Now we have a function processEvens of order 1 which specifically processes through an “even” filter.  We have created a specialized version of process by taking advantage of the way currying works.  This turns out to be a very powerful technique, and while I don’t have any non-trivial examples to share, I’m sure you can use your imagination.

Partials without Currying

It’s clear that partially applied functions can be very powerful, but they only seem to apply to a method which is already curried.  Of course, for a standard, arity n method we can use the curried method to convert, but this gets clumsy.  It would be nice if we could use the partially applied function technique on any method, even one which is not curried.  Enter underscore.

This little construct is probably the most powerful single character I’ve ever seen.  You can do so much with it in Scala, and yet it all seems to remain semantically consistent.  Scala allows us to use underscore within the invocation, partially applying the function by creating a new functional which takes the appropriate parameters.

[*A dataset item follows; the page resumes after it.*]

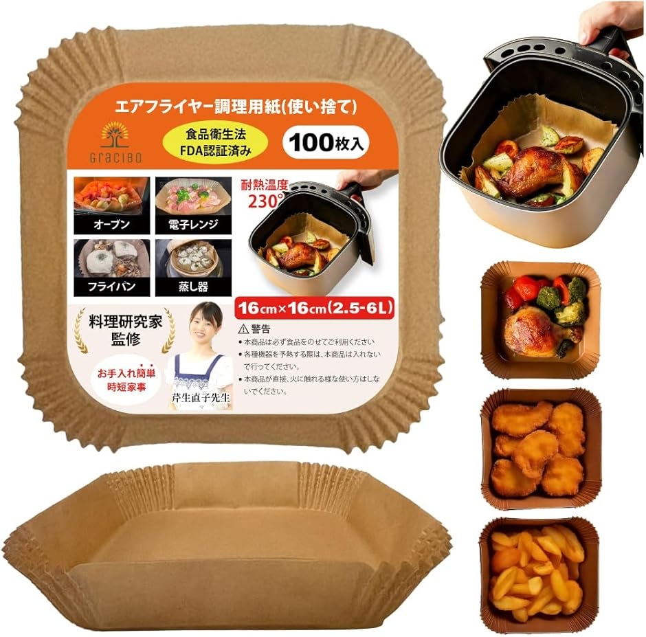 | 商品名 | エアフライヤーシート 料理研究家監修 クッキングシート エアフライヤー用紙 100枚入 食品衛生法適合 耐熱温度 230℃ オーブンシート 蒸し器 天ぷら敷紙 16cm 2.5〜6L用 |

def add(x:Int, y:Int, z:Int) = x + y + z
 
val addFive = add(5, _:Int, _:Int)
addFive(3, 1)    // 9

Here we have partially applied the add method, specializing on the value 5 for the first parameter.  addFive is actually a functional which takes two parameters of type Int and returns the result of passing the values of 5 and the two parameters in order to the add method.  This code is semantically equivalent to the following:

def add(x:Int, y:Int, z:Int) = x + y + z
 
val addFive = (a:Int, b:Int) => add(5, a, b)
addFive(3, 1)    // 9

The underscore just provides a convenient syntactic sugar for this.  The only unfortunate part is the fact that we must annotate the underscores with types.  If this were ML, Haskell or similar, the types of the underscores could easily be inferred and the annotations omitted.  It would be nice if Scala could do things like this, but I guess it can’t be entirely perfect.

Conclusion

Hopefully this provides a fair introduction to the useful world of method currying.  As you can see, currying is not just an academic construct we were forced to demonstrate on college exams, it’s a powerful technique with real-world applications.  By blending the functional and the object-oriented, Scala has managed to bring all the power of currying to the imperative world, a feat well worth utilizing on your next project.